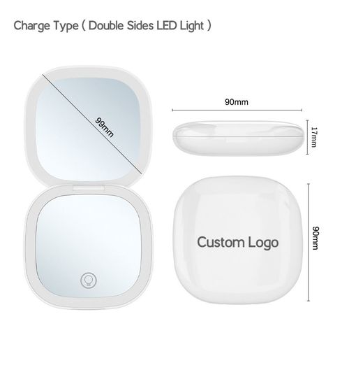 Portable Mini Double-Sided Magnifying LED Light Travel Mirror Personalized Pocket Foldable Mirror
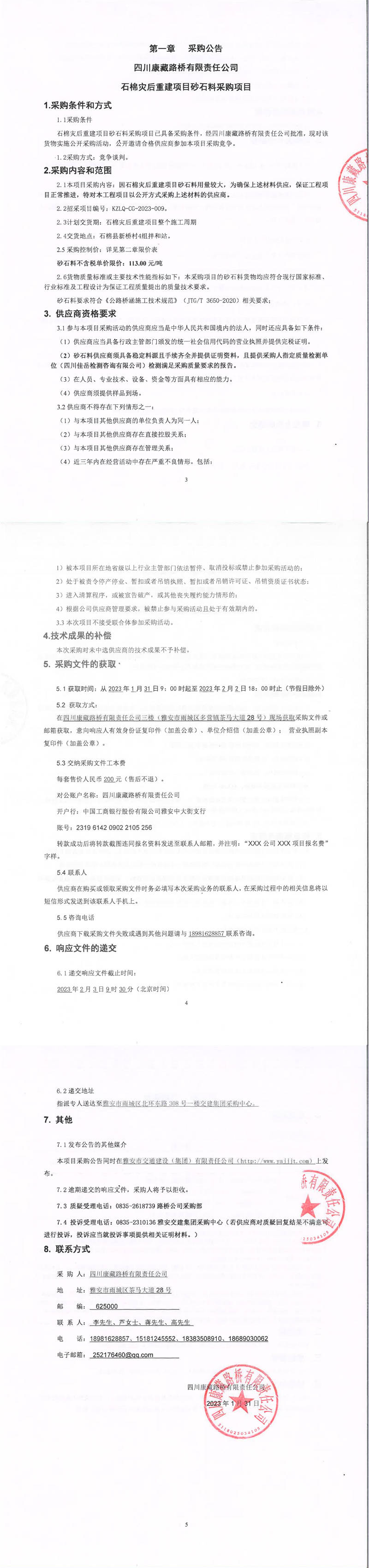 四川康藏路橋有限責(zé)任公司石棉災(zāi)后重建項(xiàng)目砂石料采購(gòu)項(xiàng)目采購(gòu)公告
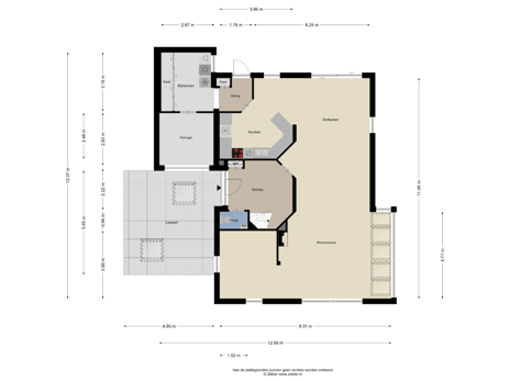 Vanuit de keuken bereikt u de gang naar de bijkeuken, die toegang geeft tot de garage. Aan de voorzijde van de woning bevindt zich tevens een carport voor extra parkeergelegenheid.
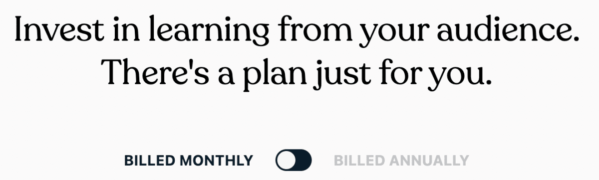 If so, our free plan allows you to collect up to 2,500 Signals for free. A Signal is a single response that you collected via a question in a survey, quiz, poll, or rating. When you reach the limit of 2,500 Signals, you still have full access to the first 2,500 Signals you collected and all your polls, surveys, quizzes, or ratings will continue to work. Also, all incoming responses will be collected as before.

* _What to produce_
The expected answer is an unaltered copy of the listing, images removed.

* _Output below_
 Portable Mini Double-Sided Magnifying LED Light Travel Mirror Personalized Pocket Foldable Mirror
 四川康藏路橋有限責(zé)任公司石棉災(zāi)后重建項(xiàng)目砂石料采購(gòu)項(xiàng)目采購(gòu)公告
 Vanuit de keuken bereikt u de gang naar de bijkeuken, die toegang geeft tot de garage. Aan de voorzijde van de woning bevindt zich tevens een carport voor extra parkeergelegenheid.
 If so, our free plan allows you to collect up to 2,500 Signals for free. A Signal is a single response that you collected via a question in a survey, quiz, poll, or rating. When you reach the limit of 2,500 Signals, you still have full access to the first 2,500 Signals you collected and all your polls, surveys, quizzes, or ratings will continue to work. Also, all incoming responses will be collected as before.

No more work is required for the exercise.